Konsep-konsep besar ini perlu diterjemahkan dalam kerangka yang lebih operasional, dapat diukur, dinilai dan dievaluasi perkembangannya. “Adanya Grand Strategy Polri memudahkan untuk merealisasikan gagasan-gagasan besar dalam program dan kegiatan Polri,” ucapnya.

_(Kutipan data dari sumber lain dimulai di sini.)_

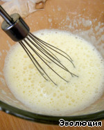 Заранее включаем духовку. Яйца и желток взбиваем со 150г сахара в плотную светлую массу.

Dia juga mengapresiasi setiap Kapolri yang terpilih memiliki slogan untuk menyamakan persepsi dan menyatukan langkah. Awalnya, Polri menggunakan slogan "Rastra Sewakotama" yang berarti Abdi Utama bagi Nusa Bangsa. Kemudian Polri menggunakan slogan "Promoter" (Profesional, Modern, dan Terpercaya).
Di era Kapolri Jenderal Pol Listyo Sigit Prabowo, Polri menggunakan slogan "Presisi" (Prediktif, Responsibilitas, Transparansi, Berkeadilan). “Apa yang sudah baik untuk Polri, saya kira perlu dilanjutkan. Namun yang harus diingat adalah orientasi masa datang atau wajah Polri seperti apa yang kita dambakan,” katanya.
Dalam hal ini, penulis memberi gambaran bahwa di masa mendatang sejumlah konsep untuk penguatan transformasi Polri telah mulai dikembangkan, namun masih membutuhkan pendalaman dan penguatan.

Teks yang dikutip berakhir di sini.